* **WHAT THE TASK REQUIRES**
Your answer must match, word for word, the lines from the one holding "Tall Office Drafting Chair: This" through the final line below, with pictures excluded.
---------- THE DATA
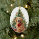 Red Bow Golden Retriever Dog Christmas Ceramic Ornament
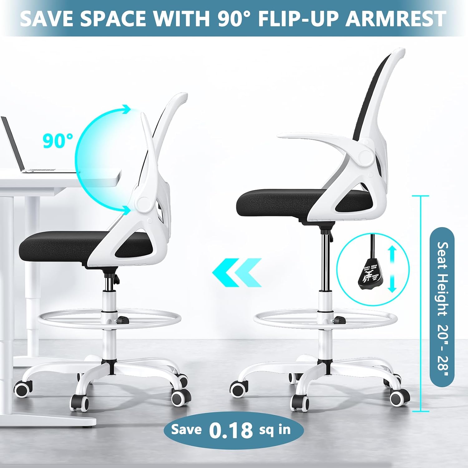 Tall Office Drafting Chair: This high rotary drawing chair has a footrest stool with adjustable height, and the 90 degree overturned armrest design can save a certain amount of space, which is very suitable for standing desks, sitting desks and bars. Our tall office drafting chair is equipped with a round foot ring, which can help you move your feet more frequently, reduce the pressure on the back of your legs and improve comfort
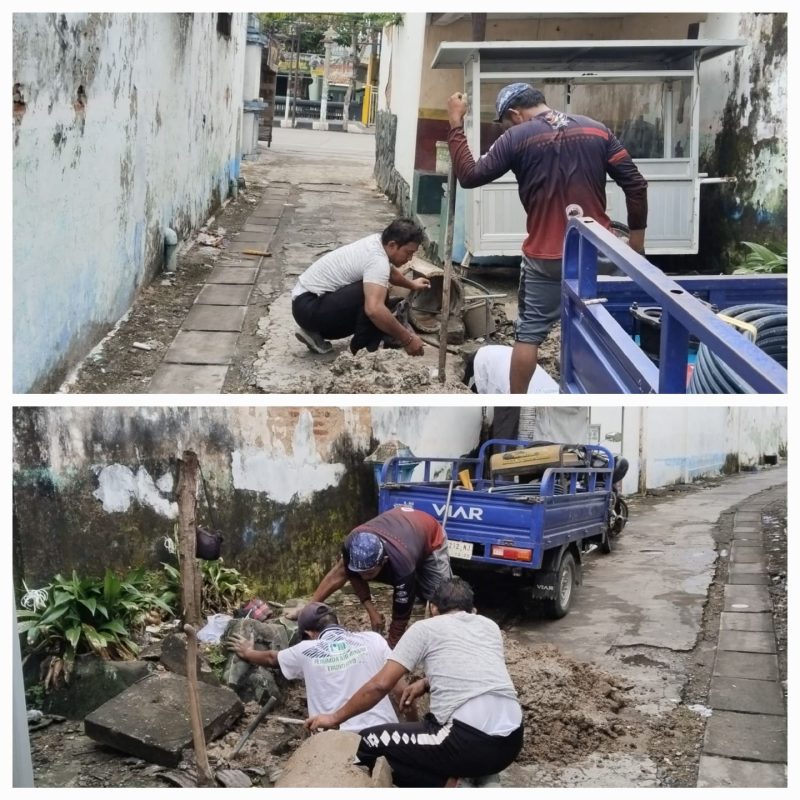 Perbaikan pipa milik Perusahaan Daerah Air Minum (PERUMDAM) Trunojoyo yang mengalami kebocoran hingga menyebabkan  air bersih tidak sampai ke pelanggan, Pada Jumat (30/5/2025).
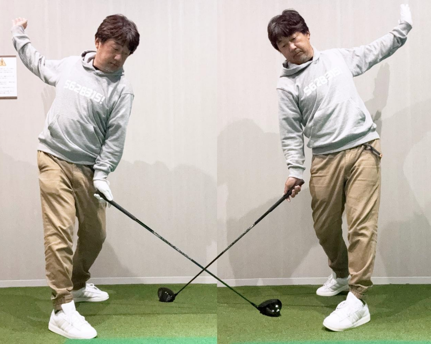 오른발 체중으로 임팩트를 만들고, 오른쪽으로 타면서 팔로우하면 큰 팔로우가 됩니다. 오른발의 무게에 의한 마무리는 멋지지 않지만, 몸이 뻣뻣한 분도 멀리 날리기 쉬워 집니다.
--------------------
* **ANSWER SECTION**
 Tall Office Drafting Chair: This high rotary drawing chair has a footrest stool with adjustable height, and the 90 degree overturned armrest design can save a certain amount of space, which is very suitable for standing desks, sitting desks and bars. Our tall office drafting chair is equipped with a round foot ring, which can help you move your feet more frequently, reduce the pressure on the back of your legs and improve comfort
 Perbaikan pipa milik Perusahaan Daerah Air Minum (PERUMDAM) Trunojoyo yang mengalami kebocoran hingga menyebabkan  air bersih tidak sampai ke pelanggan, Pada Jumat (30/5/2025).
 오른발 체중으로 임팩트를 만들고, 오른쪽으로 타면서 팔로우하면 큰 팔로우가 됩니다. 오른발의 무게에 의한 마무리는 멋지지 않지만, 몸이 뻣뻣한 분도 멀리 날리기 쉬워 집니다.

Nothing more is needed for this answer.